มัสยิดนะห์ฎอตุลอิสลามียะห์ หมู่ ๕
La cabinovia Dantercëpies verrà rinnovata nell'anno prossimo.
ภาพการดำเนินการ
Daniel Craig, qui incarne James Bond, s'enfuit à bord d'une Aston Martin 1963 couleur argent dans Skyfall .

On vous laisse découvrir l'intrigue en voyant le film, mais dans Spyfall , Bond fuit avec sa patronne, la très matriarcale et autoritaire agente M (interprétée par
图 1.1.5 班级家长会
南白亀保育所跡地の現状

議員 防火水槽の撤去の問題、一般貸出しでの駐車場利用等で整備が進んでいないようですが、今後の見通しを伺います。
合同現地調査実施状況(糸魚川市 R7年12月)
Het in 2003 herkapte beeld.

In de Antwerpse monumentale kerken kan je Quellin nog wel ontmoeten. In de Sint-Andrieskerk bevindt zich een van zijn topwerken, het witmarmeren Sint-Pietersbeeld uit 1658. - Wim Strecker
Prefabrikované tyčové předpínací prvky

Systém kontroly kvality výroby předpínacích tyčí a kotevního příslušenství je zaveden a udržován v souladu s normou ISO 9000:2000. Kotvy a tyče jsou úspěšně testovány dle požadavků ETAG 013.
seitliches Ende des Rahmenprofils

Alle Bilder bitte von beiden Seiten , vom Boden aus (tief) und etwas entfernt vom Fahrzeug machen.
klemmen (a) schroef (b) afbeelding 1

...

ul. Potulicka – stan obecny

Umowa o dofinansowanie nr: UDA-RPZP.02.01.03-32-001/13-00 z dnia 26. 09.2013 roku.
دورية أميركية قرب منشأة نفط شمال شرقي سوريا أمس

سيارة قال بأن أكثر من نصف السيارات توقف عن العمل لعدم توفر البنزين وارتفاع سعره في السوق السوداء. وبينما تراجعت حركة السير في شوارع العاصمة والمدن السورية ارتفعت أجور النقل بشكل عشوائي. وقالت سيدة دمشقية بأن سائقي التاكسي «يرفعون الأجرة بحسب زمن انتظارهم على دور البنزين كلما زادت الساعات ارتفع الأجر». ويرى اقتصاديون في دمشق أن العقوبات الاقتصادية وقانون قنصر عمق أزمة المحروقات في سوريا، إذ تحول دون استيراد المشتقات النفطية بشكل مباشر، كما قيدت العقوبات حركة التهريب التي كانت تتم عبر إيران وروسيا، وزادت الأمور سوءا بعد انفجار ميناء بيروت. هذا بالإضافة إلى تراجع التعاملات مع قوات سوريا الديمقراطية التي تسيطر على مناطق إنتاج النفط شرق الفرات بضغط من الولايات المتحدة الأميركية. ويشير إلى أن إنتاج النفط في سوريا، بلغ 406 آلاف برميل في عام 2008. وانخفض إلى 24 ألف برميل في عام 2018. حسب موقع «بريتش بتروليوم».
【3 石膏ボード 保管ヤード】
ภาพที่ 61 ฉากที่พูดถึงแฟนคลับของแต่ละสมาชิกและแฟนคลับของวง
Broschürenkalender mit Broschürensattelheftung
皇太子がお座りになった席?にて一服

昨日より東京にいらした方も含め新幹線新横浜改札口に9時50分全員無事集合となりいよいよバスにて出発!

==

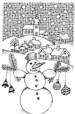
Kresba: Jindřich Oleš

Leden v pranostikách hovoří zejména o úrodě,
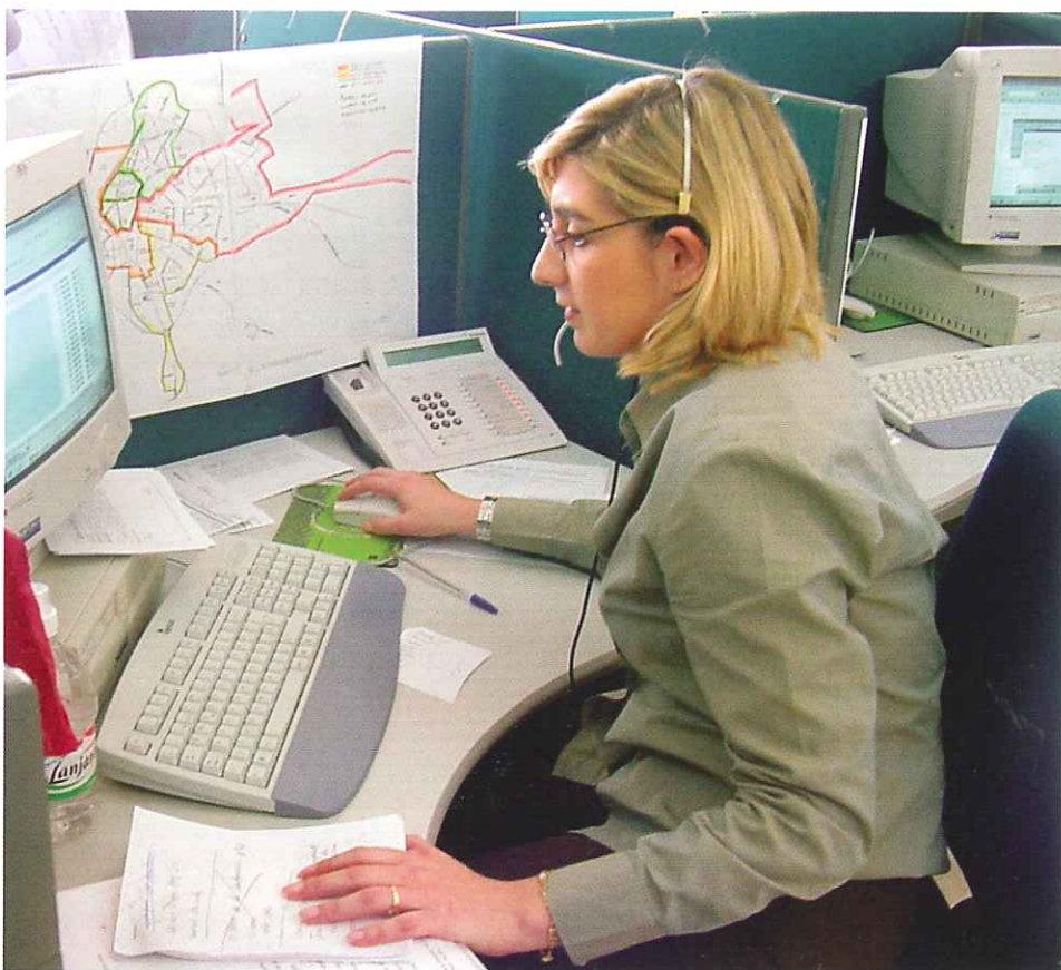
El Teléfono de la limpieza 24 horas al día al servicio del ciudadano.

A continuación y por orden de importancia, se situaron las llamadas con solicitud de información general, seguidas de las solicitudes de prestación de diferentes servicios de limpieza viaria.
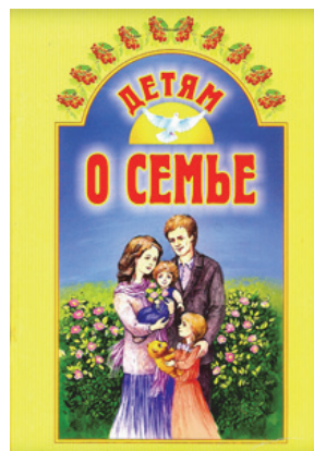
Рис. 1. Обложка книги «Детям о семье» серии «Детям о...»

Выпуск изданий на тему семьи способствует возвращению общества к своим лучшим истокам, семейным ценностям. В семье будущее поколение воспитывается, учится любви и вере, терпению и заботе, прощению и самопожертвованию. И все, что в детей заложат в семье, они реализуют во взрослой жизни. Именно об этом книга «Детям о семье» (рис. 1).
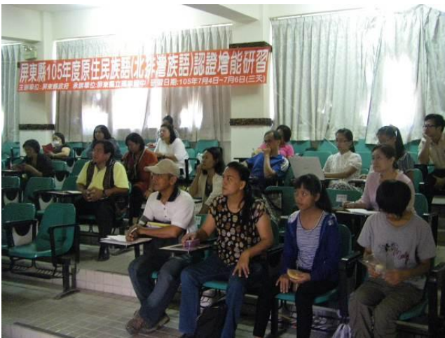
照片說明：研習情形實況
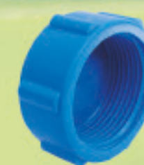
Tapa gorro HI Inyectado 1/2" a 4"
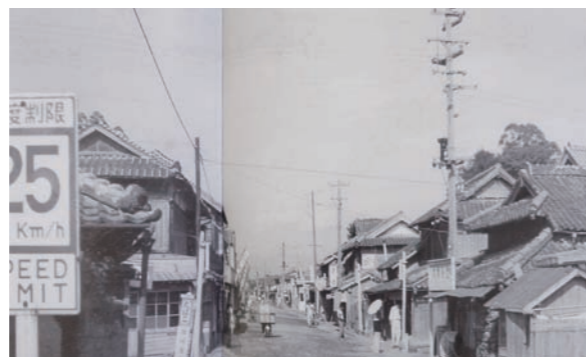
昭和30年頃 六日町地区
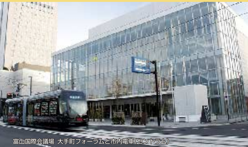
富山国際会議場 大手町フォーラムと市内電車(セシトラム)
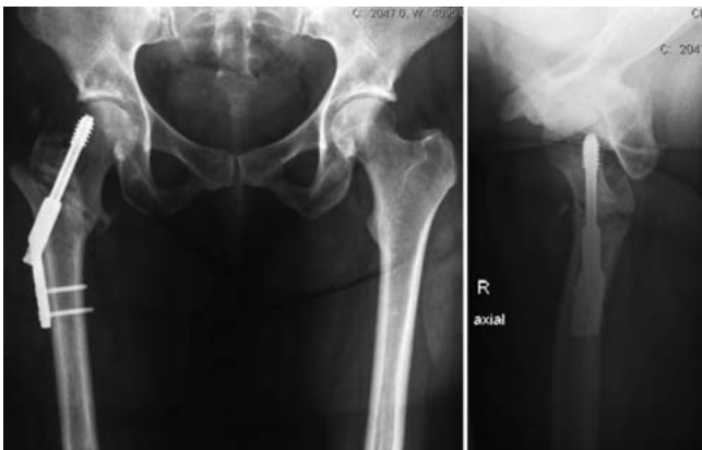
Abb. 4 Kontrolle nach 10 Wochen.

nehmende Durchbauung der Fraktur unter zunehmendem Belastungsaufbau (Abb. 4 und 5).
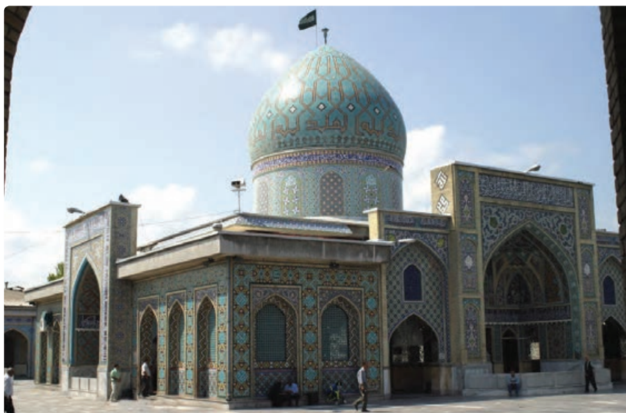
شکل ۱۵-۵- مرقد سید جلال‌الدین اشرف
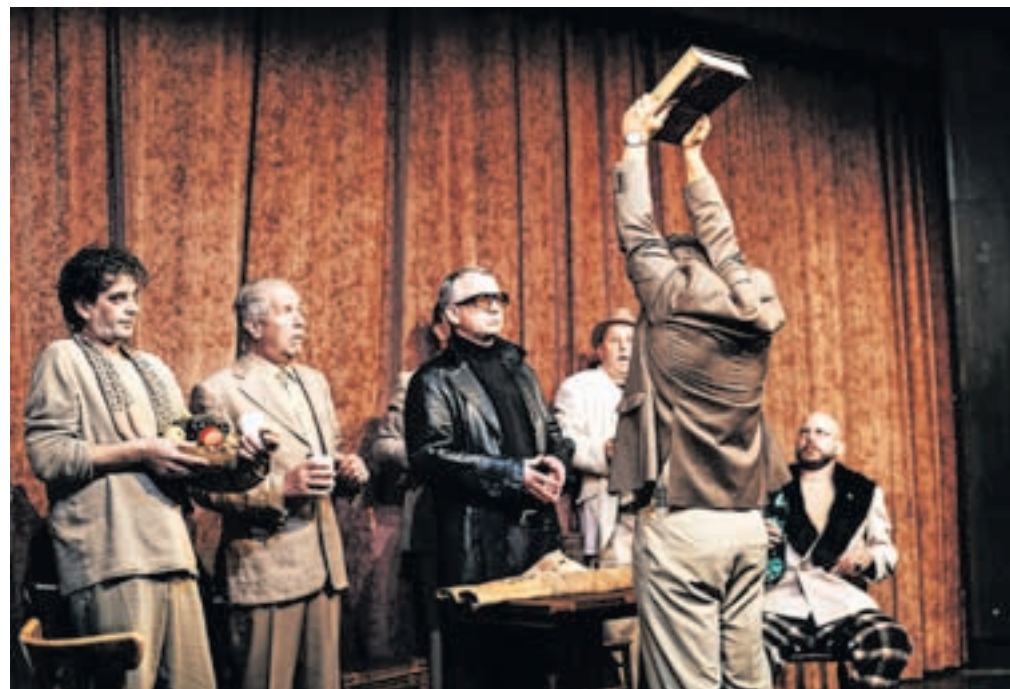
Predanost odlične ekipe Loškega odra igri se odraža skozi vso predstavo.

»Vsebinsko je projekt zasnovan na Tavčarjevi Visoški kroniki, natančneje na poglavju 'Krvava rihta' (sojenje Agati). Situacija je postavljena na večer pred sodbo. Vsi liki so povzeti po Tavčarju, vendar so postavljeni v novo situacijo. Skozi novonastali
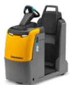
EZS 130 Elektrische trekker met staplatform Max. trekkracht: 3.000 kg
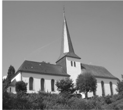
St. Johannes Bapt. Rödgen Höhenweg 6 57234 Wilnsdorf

DIRECTIONS FOR THIS TASK
Only a number is expected here: how many lines of the records above contain "Детям".

RESULT FOR THIS TASK
2